Une mère célibataire avec quatre enfants souffre de la violence de son mari alcoolique. Elle vit à Kfar Saba, près de Tel Aviv. Elle tente de nourrir ses enfants grâce à un petit atelier de couture. En plus de s'occuper de sa famille, elle doit trouver la force d'accepter et d'effectuer suffisamment de travaux de couture. La femme est très découragée, car elle ne supporte presque plus sa situation. Des amis préparent deux repas chauds par semaine pour la famille. Keren Ruchamah a été informée de la situation et a versé 12 000 NIS (environ 3 400 CHF) à cette femme. Cela lui permet de rembourser ses dettes, de payer son loyer et de se faire soigner les dents.

Un jeune couple d'une vingtaine d'années a récemment fait son alya et tente de s'installer à Jérusalem. Tous deux sont encore en formation : lui étudie à l'Université hébraïque de Jérusalem et sa femme suit un cours d'hébreu intensif (oulpan) ainsi qu'une formation à distance. Keren Ruchama soutient ce jeune couple à hauteur de 10 000 NIS (soit environ 2 800 CHF). Cela leur permet de payer les frais de scolarité et les dépenses liées au matériel pédagogique.
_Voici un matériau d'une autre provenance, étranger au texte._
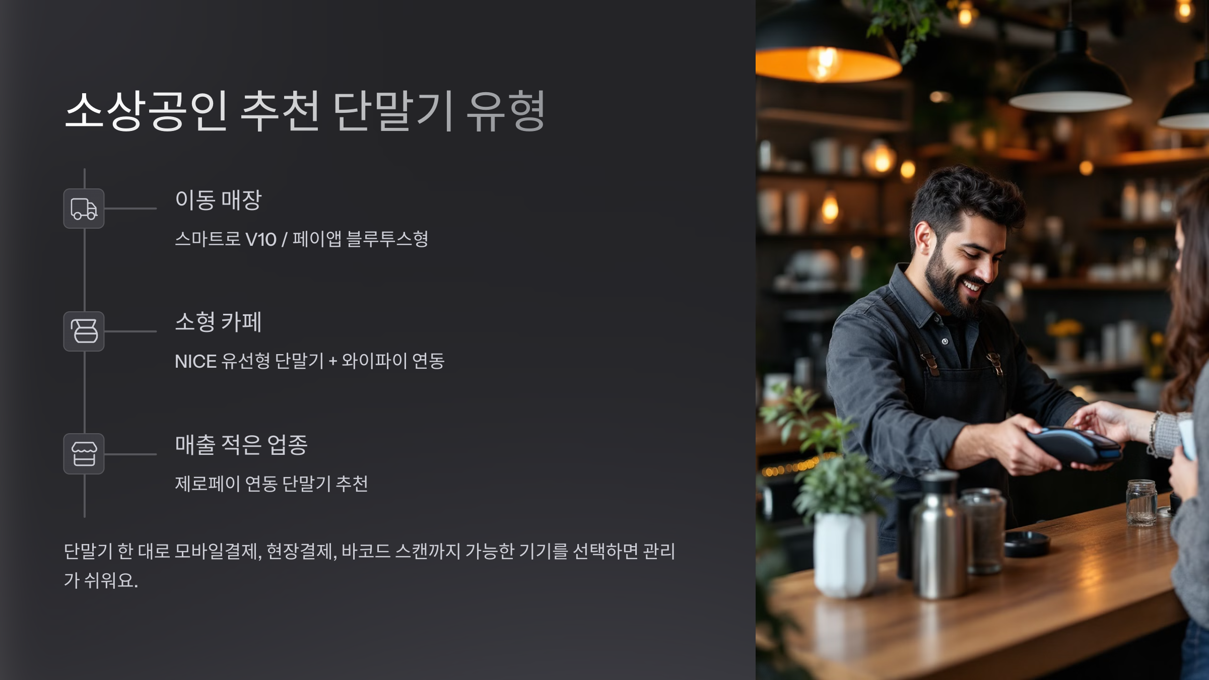 - 소형 카페: NICE 유선형 단말기 + 와이파이 연동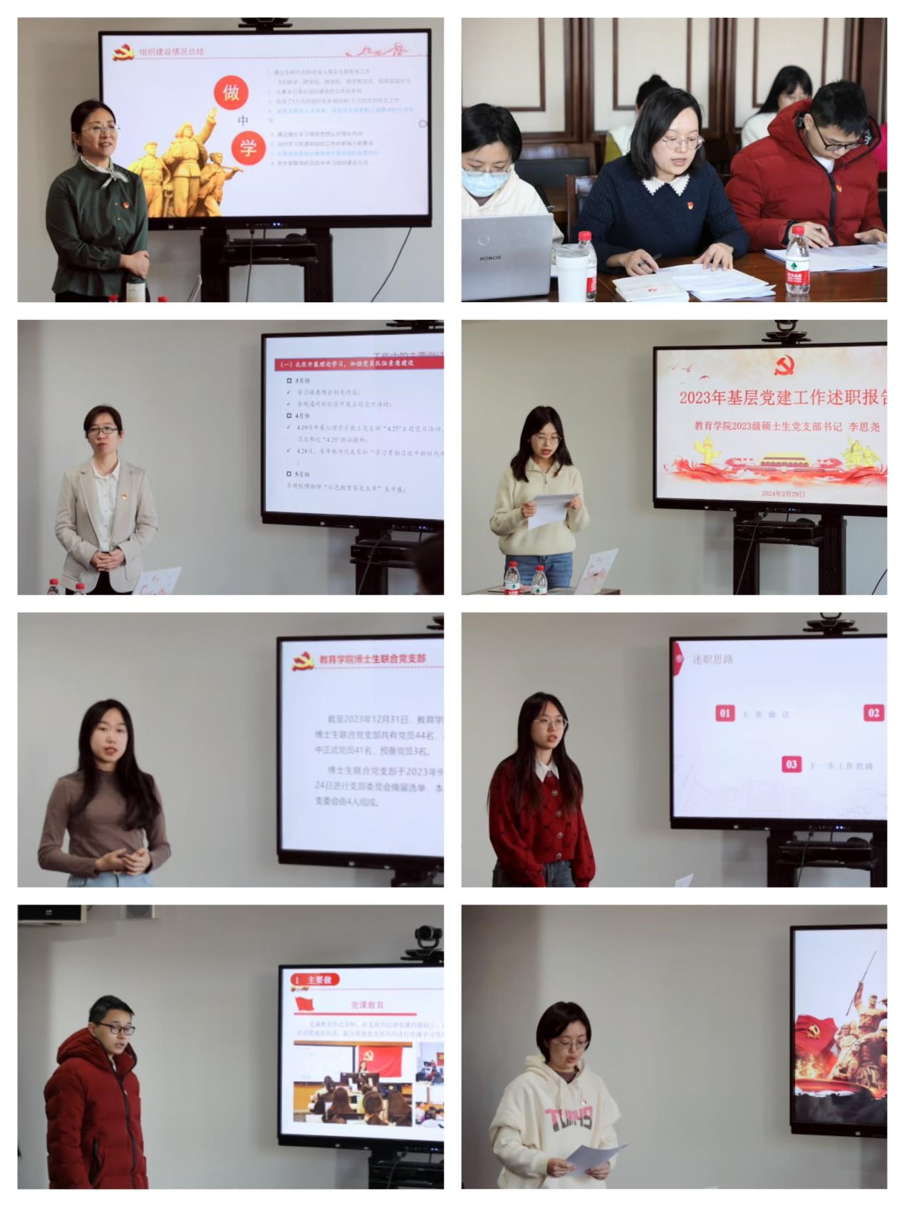 八名党支部书记依次进行现场述职,两名党支部书记进行书面述职。各党支部书记围绕本年度开展主题教育、持续巩固拓展主题教育成果的情况,推进基层党建攻坚年专项行动“十个以”任务的情况,抓好“三会一课”、固定主题党日制度、党支部标准化规范化建设的情况,上年度查摆问题整改落实情况等工作内容,详细汇报了2023年度支部工作成果,归纳总结问题,提出下阶段的工作思路。

Une jeune fille de 17 ans est arrivée en Israël il y a huit ans avec sa mère et sa sœur, en provenance de Finlande. Elle vit à Kfar Saba, près de Tel Aviv. La jeune femme se sent chez elle en Israël et souhaite également effectuer son service militaire israélien. Elle ne veut pas retourner en Finlande avec sa mère. L'été dernier, elle s'est fait baptiser. Elle se sent très à l'aise dans la communauté messianique. Elle a trouvé un nouveau foyer chez un membre de la communauté. La mère de famille fait tout son possible pour offrir un foyer à cette jeune femme. Cependant, les frais d'entretien dépassent son budget. Keren Ruchama soutient la mère de famille de la jeune femme à hauteur de 7 000 NIS (soit environ 2 000 CHF). Cette somme permet de payer la nourriture, les fournitures scolaires, les cours particuliers de mathématiques et les vêtements.
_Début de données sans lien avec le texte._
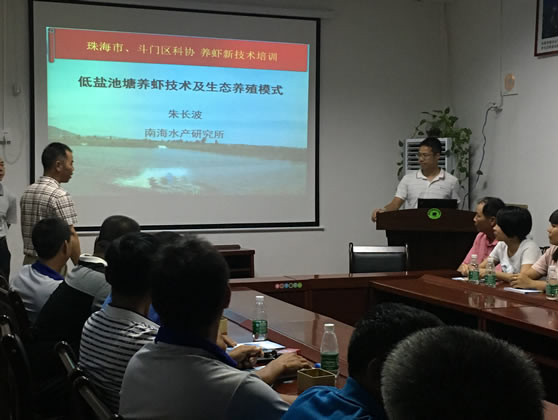 近日,應珠海市科學技術協會、珠海市聚農水產養殖專業合作社邀請,中國水產科學研究院南海水產研究所水產養殖與遺傳育種研究室副主任、重點實驗室科研人員朱長波博士到珠海市斗門區蓮洲鎮開展送科技服務,為當地水產養殖戶培訓養蝦技術。珠海市科協、斗門生態農業園等相關業務負責人和當地水產從業者100多人參加了培訓。 蓮洲鎮是珠海市農業大鎮,2012年9月被批準為廣東省“水產養殖”專業鎮,現有水產養殖面積4.27萬畝,占總耕地面積的61.6%,主要為低鹽度半咸水池塘傳統養殖,對水環境的生態調控、科學投喂、蝦病預防、生態集約化養殖模式等先進養殖技術缺乏有效了解。 朱長波緊扣當地養殖實際,作了題為“低鹽池塘養蝦技術及生態養殖模式”的講座,詳細介紹了蝦類池塘養殖技術關鍵點、南美白對蝦-羅氏沼蝦低鹽池塘混養模式和科學管理技術、池塘種茜生態養殖羅氏沼蝦新技術、低鹽池塘蝦魚高效生態養殖模式應用案例等內容,既有傳統養蝦技術基礎,又涵蓋了生態養蝦新模式的操作要點,深受歡迎,得到了珠海市科協和當地養殖戶的高度評價。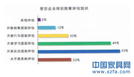 評估基本都是采用“柯氏四級評估”方式進行,但只有12%的企業開展結果層面的評估,還有22%的企業未開展系統的培訓效果評估。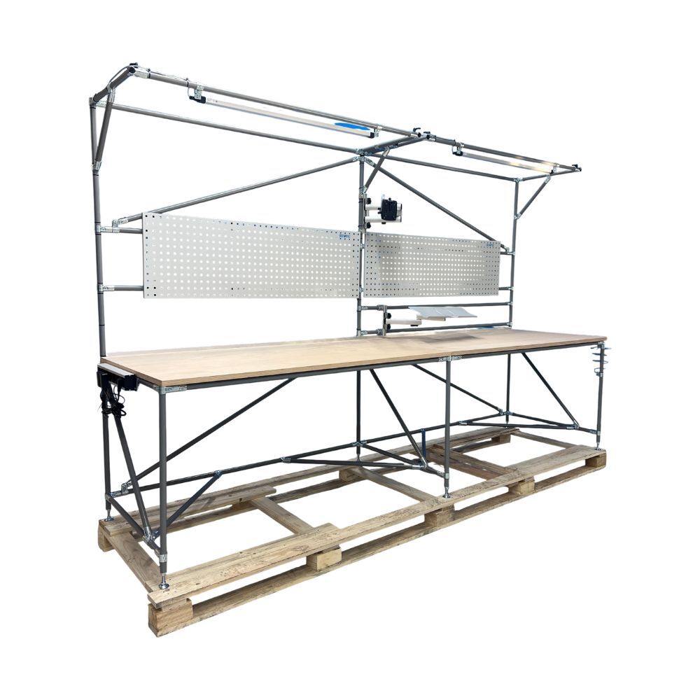 تم تصميم محطة العمل المريحة لتعزيز راحة المشغل وإنتاجيته من خلال ارتفاع عمل محسّن وتصميم سهل الاستخدام، في حين أن بنيتها المعيارية تسمح بالتكيف بسهولة مع مختلف سير العمل والملحقات. تضمن الألواح المثقبة المدمجة والإضاءة وإمكانية الوصول إلى الطاقة تنظيمًا ورؤية ممتازين، مع إبقاء الأدوات والمعدات في متناول اليد. تم تصميم محطة العمل هذه بإطار صناعي متين، وهي مثالية للاستخدام اليومي المستمر، حيث توفر موثوقية وكفاءة على المدى الطويل وبيئة عمل جيدة التنظيم.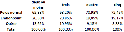 Poids normaltrès fort67,50 %fort68,92 %faible66,08 %très faible65,31 %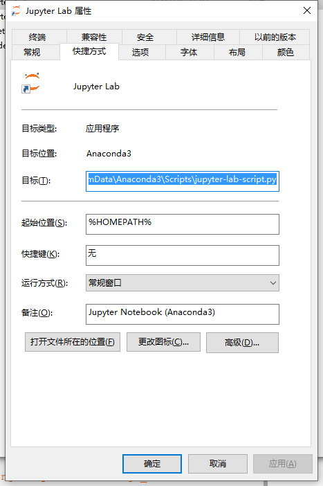 3、右鍵查看副本的屬性,將目標框中的…\jupyter-notebook-script.py替換為…\jupyter-lab-script.py
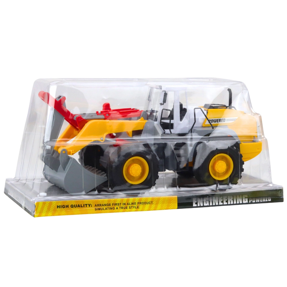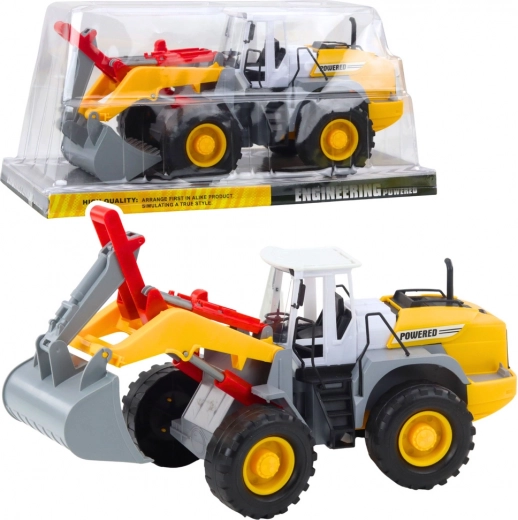 Realistični gradbeni nakladač–bager iz kakovostne plastike bo razveselil vsakega malega graditelja. Zahvaljujoč vztrajniku in premičnemu sredinskemu zglobu je enostaven za upravljanje, sprednja lopata in funkcionalni bat omogočata zajemanje in dvigovanje materiala. Odporna izvedba in dovršeni detajli zagotavljajo dolgo in varno igro doma in na vrtu.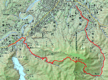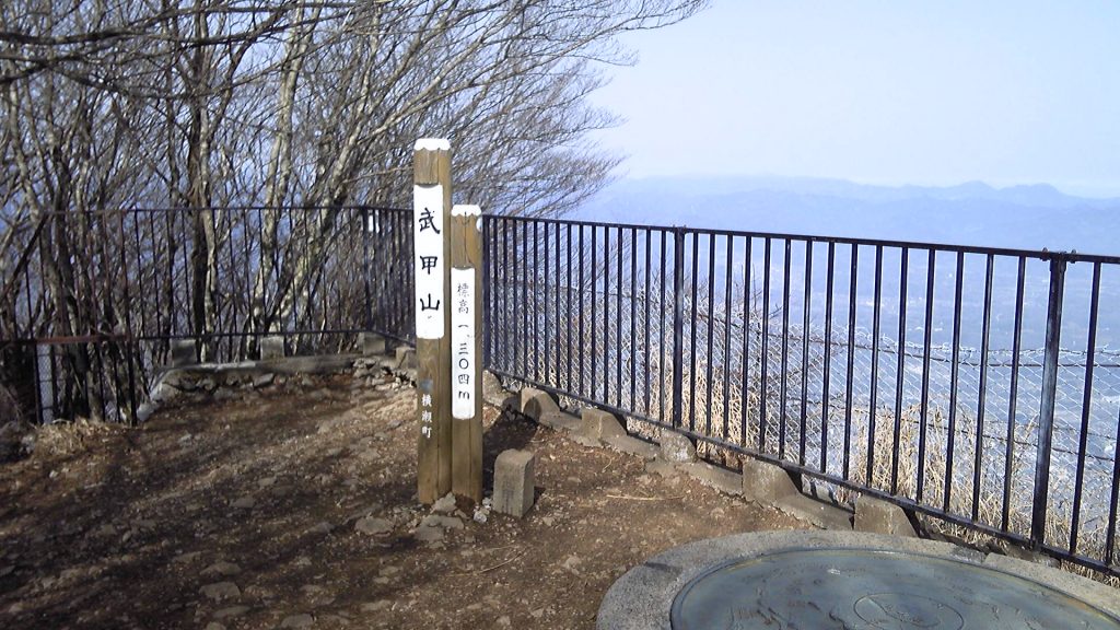 ベンチも何もない、休憩もできないし人数もあまり入れない頂上である。9時25分到着。4時間くらいかけて登って、秩父市街への展望が開けるのはここだけである。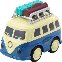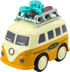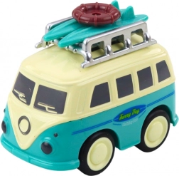 Scopri il divertimento su quattro ruote con il simpatico camper ispirato ai classici furgoncini turistici. Grazie alla trazione a frizione il veicolo parte vivacemente dopo una leggera spinta e il bagaglio mobile sul tetto dona dinamica alla corsa. Le dimensioni compatte entrano nello zainetto, così il bambino può vivere avventure di viaggio ovunque.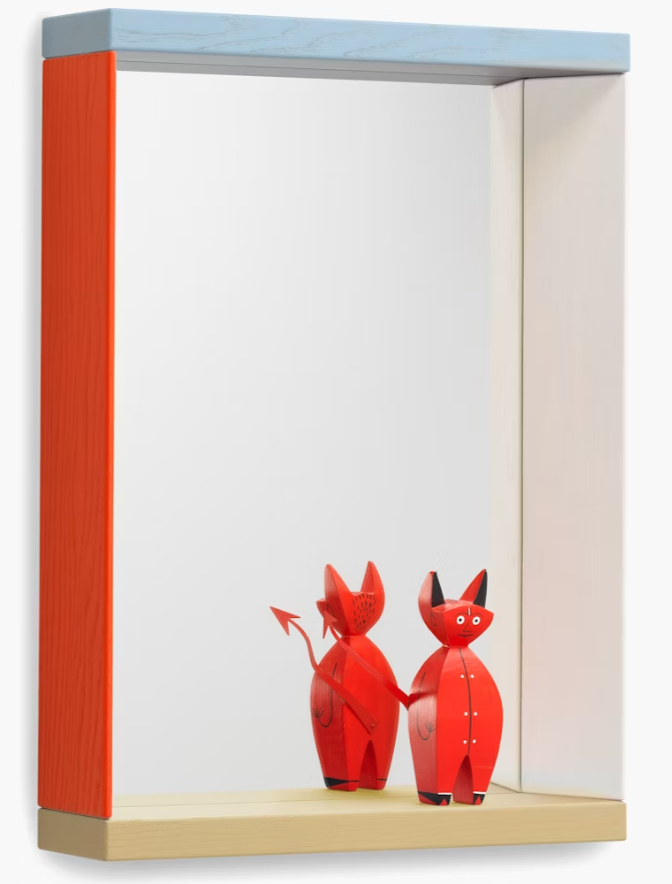 Swiss-French designer Julie Richoz’s Colour Frame Mirror for Vitra (2024) has the graphic appeal of children’s wood toys. Available in three sizes and color combinations, this cheery mirror has a sizable shelf for storing small household items. Arrange several mirrors together — like building blocks — to create unique compositions. Made in Germany.

Un couple avec un enfant en bas âge est arrivé en Israël il y a deux ans et demi et vit à Haïfa. En Israël, le coût de la vie est très élevé et les salaires relativement bas. Il est très difficile pour ce couple de subvenir à ses besoins. L'homme a trouvé un emploi comme agent d'entretien dans une école. Mais en octobre dernier, il s'est cassé l'omoplate et n'a plus pu travailler. Keren Ruchamah a aidé cette famille en difficulté en lui versant 5 000 NIS (soit environ 1 400 CHF).